Feminism maintains that one half of the population should have the same rights and opportunities as the other half. This affects many areas of life, and develops in different ways in different places. Obviously, the situation of women in Europe is infinitely better than that of women in Saudi Arabia – even though they can now drive a car. However, it is not the same for an immigrant in France as for a senior executive, nor is it the same whether someone is transgender, homosexual or heterosexual. Differences of degree exist, but, despite all the possible nuances, the goal is to advance towards the most egalitarian society possible, in which all individuals are protected whatever their gender, ethnicity or other origin. This may seem an obvious truism but it is the goal of the Enlightenment and of liberalism, and of feminism in the most global sense. The marches of women against Donald Trump, the publication of the allegations against the film producer Harvey Weinstein and the #MeToo movement (with its emulators such as the French #BalanceTonPorc or #Cuéntalo in Spain) have finally forced a taking of sides regarding feminism. A climate of cultural war has taken shape, at least on social networks. All of us find ourselves obliged to take up rigid, fixed positions, and books or films are put in question by being interpreted through a gender perspective – which sometimes leads to erroneous readings, as in the case of Lolita, which is above all a terrible story of abuse, as Nabokov himself thought. More extreme postures have also been aroused on the other side, as, for example, in the emergence of Jordan Peterson and his machista discourse with an intellectual patina. We are in a feminist moment.

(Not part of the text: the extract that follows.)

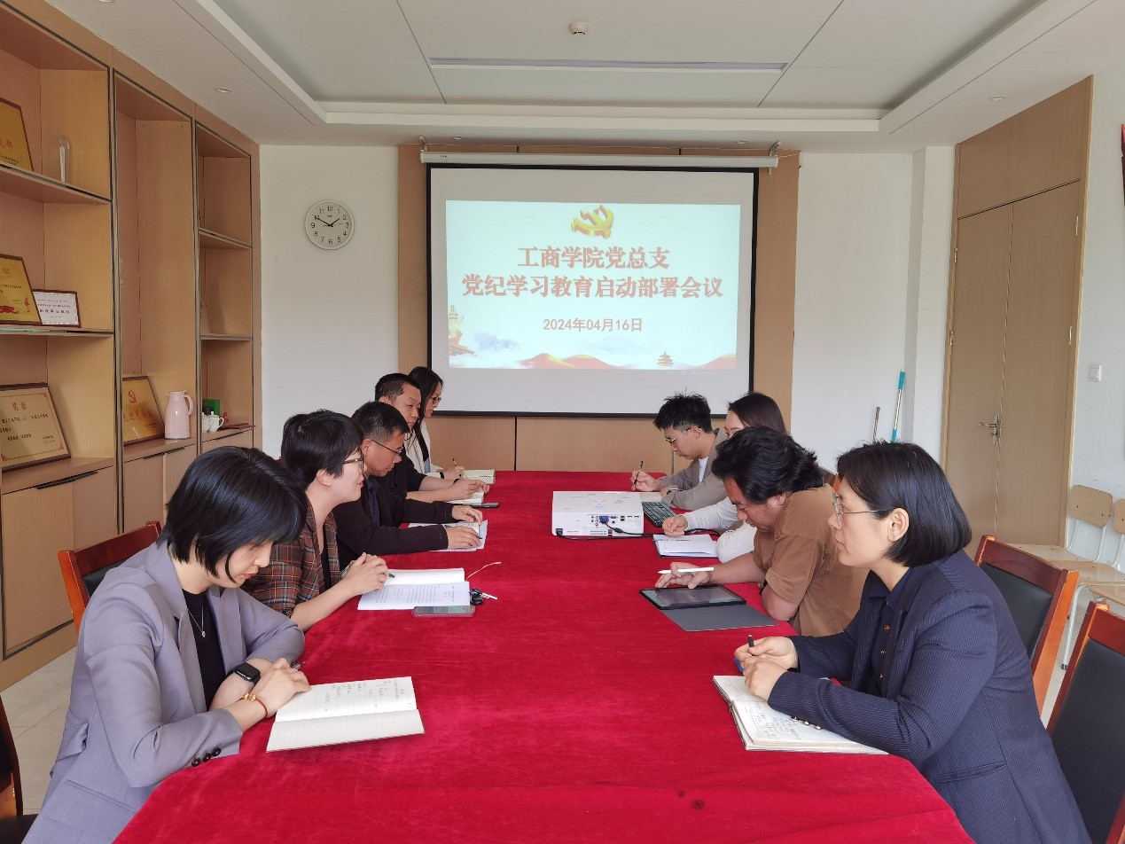 4月16日,工商学院党总支在博思楼211会议室召开党总支(扩大)会议暨党纪学习教育启动部署会议。学院领导班子成员、组织员、各党支部书记、科级干部参加会议,会议由党总支书记李丽娜主持。
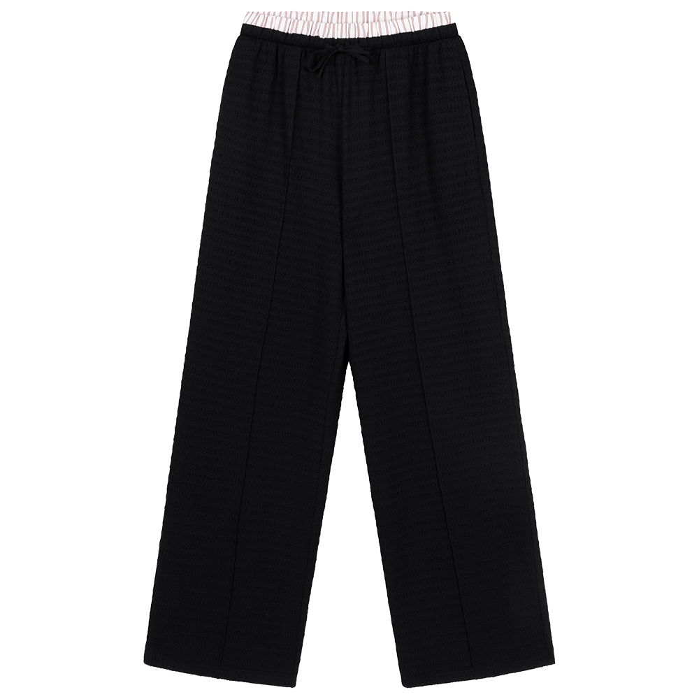 Deze wide leg high waist Mara pants van Refined Department combineren comfort met een moderne, stijlvolle uitstraling. Het rekbare materiaal met gebreide textuur zorgt voor een soepel vallende pasvorm, terwijl de elastische tailleband met contrasterende stof en trekkoord voor een perfecte fit zorgt. Het hoge model accentueert de taille en geeft het silhouet elegantie. Combineer de broek met de LYLOE blouse voor een complete, trendy co-ord look, of draag hem casual met een basic top en sneakers. Het model is 174cm en draagt een 36.

There are good reasons why women are angry: in the majority of advanced democracies there is still a salary gap – generally directly related to maternity. Few women succeed in breaking through the glass ceiling, and consequently few women take major decisions. Quotas continue to be necessary. In other parts of the world things are much worse. In many countries abortion remains illegal, women’s rights are limited and restricted, and there are still forced marriages. In the war in Syria rape has been used as one more weapon in the conflict. In western democracies, there is still a long way to go to achieve full equality, even if the advances made in only a few decades have been impressive, from the incorporation of women into the labour force to the generalized use of contraception, or from the right to vote to the acceptance of homosexual marriages. All such changes are steps towards a more egalitarian and just society. The new government that took office in Spain in June, for example, has eleven women ministers in a cabinet of seventeen members, and, with a composition thus made up 64.7 per cent by women, is the government with the highest female representation in Europe and the world. This representation in government would possibly not have come about without the sustained effect of the marches each 8 March which made the rise of feminism visible, as the political analyst Sílvia Claveria pointed out in an article in El País, although the previous governments of José Luis Rodríguez Zapatero from 2004 to 2011 already had equal representation of men and women. Women have for some time also headed governments in a range of countries, as in the case, today, of Angela Merkel in Germany, Theresa May in the United Kingdom or Jacinda Ardern in New Zealand.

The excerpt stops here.